Tax to GDP Ratio basically means the value of tax compared to the value of goods and services produced in the country within a year.
Finance Minister, Ken Ofori-Atta, announced an Electronic Transaction Levy (E-Levy) in the 2022 budget, which is projected to raise GHC6.9 billion in 2022 fiscal year.Speaking at a press conference on the 2022 budget in Accra on Monday, Mr Ofori-Atta said “these statistics are a poor reflection on the country and highlight the need to change the narrative.
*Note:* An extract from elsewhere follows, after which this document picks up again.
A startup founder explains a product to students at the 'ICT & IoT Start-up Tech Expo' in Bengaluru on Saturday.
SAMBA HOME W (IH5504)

We cannot continue to depend on such a low tax base to generate adequate revenue, service and reduce our debt, to build our infrastructure (roads) and to create needed jobs for our youth.”
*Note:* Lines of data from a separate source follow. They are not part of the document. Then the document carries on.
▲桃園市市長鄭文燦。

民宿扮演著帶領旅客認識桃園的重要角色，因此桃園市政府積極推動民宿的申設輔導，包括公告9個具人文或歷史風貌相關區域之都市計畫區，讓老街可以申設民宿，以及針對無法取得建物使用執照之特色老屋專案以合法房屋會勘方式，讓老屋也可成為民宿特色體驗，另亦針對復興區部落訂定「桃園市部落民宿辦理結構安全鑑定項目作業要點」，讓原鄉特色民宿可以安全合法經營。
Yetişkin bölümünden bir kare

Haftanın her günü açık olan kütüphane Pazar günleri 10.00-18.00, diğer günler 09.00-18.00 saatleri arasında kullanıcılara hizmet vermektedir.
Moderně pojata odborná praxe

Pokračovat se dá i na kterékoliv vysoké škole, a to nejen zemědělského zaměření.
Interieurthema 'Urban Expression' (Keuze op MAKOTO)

He said the government was determined to enhance domestic revenue mobilisation to reduce borrowing and growing public debt, adding that “The essence of our proposal on the E-Levy is to widen the tax net and generate the required revenue to support entrepreneurship, youth employment, build our infrastructure (especially roads) and reduce our debt.”
Mr Ofori-Atta said out of about 18 million potential income taxpayers, only 2.4 million persons (approximately eight per cent of the total population) were registered as personal income taxpayers as of August 2021.
He said only 45,109 entities were registered as corporate taxpayers while 54,364 persons were registered as self-employed taxpayers at the Ghana Revenue Authority, adding that there were about 17 million registered voters and about 19 million active mobile money accounts.
“In using the 17 million registered voters or the 19 million mobile money accounts as a proxy for Ghanaians that are of adult age and economically active, and comparing it to the 2.4 million Ghanaians who pay income tax, we are confronted with the stark reality that the structure of our economy is quite informal, unlike the western economies, and as such, the traditional tax handles, like the personal income tax, also known as PAYE, may not be as effective in raising the required revenue,” Mr Ofori-Atta said.
The Minister of Finance emphasised that the E-Levy represented the country’s “greatest opportunity to, in the medium term, broaden the tax base and meet the Tax to GDP ratio of 20 per cent as pertains among our peers.”
Mr Ofori-Atta said the E-Levy was a new and an innovative way of raising revenue and was meant “to review our approach to tax collection to reflect this new reality.”